[[ Raw data open ]]
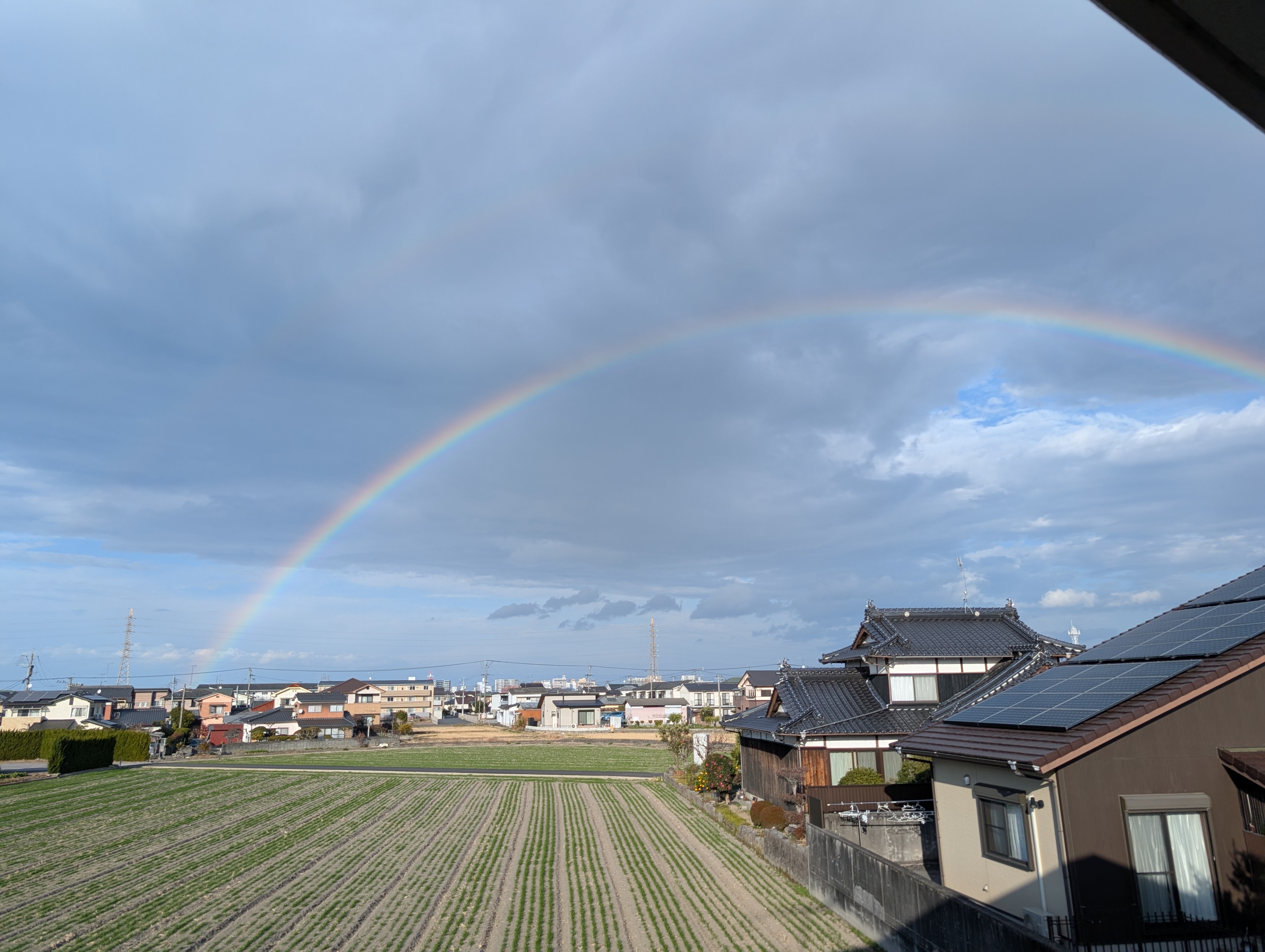 1月15日、仕事帰りに天気雨の中、虹が出てました
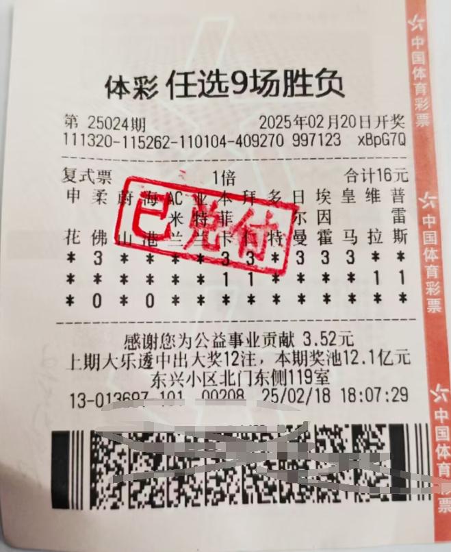 2月20日,体彩任选9场胜负游戏第25024期开奖,宿迁市沭阳县3213013697网点传来好消息,购彩者黄先生凭借一张16元的复式票,成功中得一等奖1注,奖金118,333元。黄先生是一位资深球迷,业余时间喜欢深入研究球队动态和赛事数据,尤其擅长捕捉冷门。他已热衷体彩任选9场和14场胜负玩法近十年,并始终坚持通过技术分析和理性投注来购彩。这次他在深思熟虑后,果断选择了多场平局和弱队逆袭的组合,最终凭借这些独到的判断,他幸运地获得了大奖。尽管中奖,黄先生依然保持理性心态。他表示,部分奖金将用于继续支持体彩的公益事业,其余款项将存入银行进行稳健理财,未来用来适度改善生活条件。
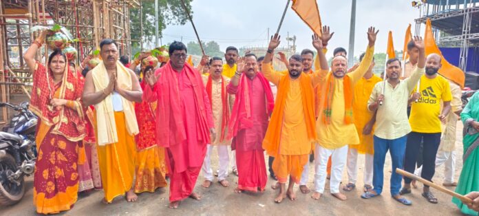 गिरिडीह शक्ति की आराधना मां दुर्गा की पूजा शारदीय नवरात्र का प्रारंभ आज कलश स्थापना से हुआ शुरू | कलश स्थापना के पहले दिन सार्वजनिक श्री मां दुर्गा पूजा समिति सिहोडीह आम बागान से प्रत्येक वर्ष की भांति इस वर्ष भी कलश यात्रा निकाला गया | महिलाएं और कन्याओं के द्वारा सर पर कलश लेकर दुर्गा मंडप आम बागान से निकलकर आदर्श नगर छठ घाट पहुंचे और वहां से जल उठाकर मंडप में स्थापित किया गया | इस मौके पर आचार्य राजेंद्र शास्त्री आचार्य नवीन शास्त्री अध्यक्ष अशोक राम उपाध्यक्ष शिवनंदन प्रसाद सचिव दीपक कुमार यादव उपसचिव विजय सिंह कोसा अध्यक्ष उमेश यादव, संरक्षक दशरथ प्रसाद, मुन्ना पाठक, अनिल मिश्रा, सहित सदस्य गन मौजूद थे।
[[ Raw data closed ]]
Required work — Retype all of the listing above exactly, but keep its pictures out.

Written solution —
 1月15日、仕事帰りに天気雨の中、虹が出てました
 2月20日,体彩任选9场胜负游戏第25024期开奖,宿迁市沭阳县3213013697网点传来好消息,购彩者黄先生凭借一张16元的复式票,成功中得一等奖1注,奖金118,333元。黄先生是一位资深球迷,业余时间喜欢深入研究球队动态和赛事数据,尤其擅长捕捉冷门。他已热衷体彩任选9场和14场胜负玩法近十年,并始终坚持通过技术分析和理性投注来购彩。这次他在深思熟虑后,果断选择了多场平局和弱队逆袭的组合,最终凭借这些独到的判断,他幸运地获得了大奖。尽管中奖,黄先生依然保持理性心态。他表示,部分奖金将用于继续支持体彩的公益事业,其余款项将存入银行进行稳健理财,未来用来适度改善生活条件。
 गिरिडीह शक्ति की आराधना मां दुर्गा की पूजा शारदीय नवरात्र का प्रारंभ आज कलश स्थापना से हुआ शुरू | कलश स्थापना के पहले दिन सार्वजनिक श्री मां दुर्गा पूजा समिति सिहोडीह आम बागान से प्रत्येक वर्ष की भांति इस वर्ष भी कलश यात्रा निकाला गया | महिलाएं और कन्याओं के द्वारा सर पर कलश लेकर दुर्गा मंडप आम बागान से निकलकर आदर्श नगर छठ घाट पहुंचे और वहां से जल उठाकर मंडप में स्थापित किया गया | इस मौके पर आचार्य राजेंद्र शास्त्री आचार्य नवीन शास्त्री अध्यक्ष अशोक राम उपाध्यक्ष शिवनंदन प्रसाद सचिव दीपक कुमार यादव उपसचिव विजय सिंह कोसा अध्यक्ष उमेश यादव, संरक्षक दशरथ प्रसाद, मुन्ना पाठक, अनिल मिश्रा, सहित सदस्य गन मौजूद थे।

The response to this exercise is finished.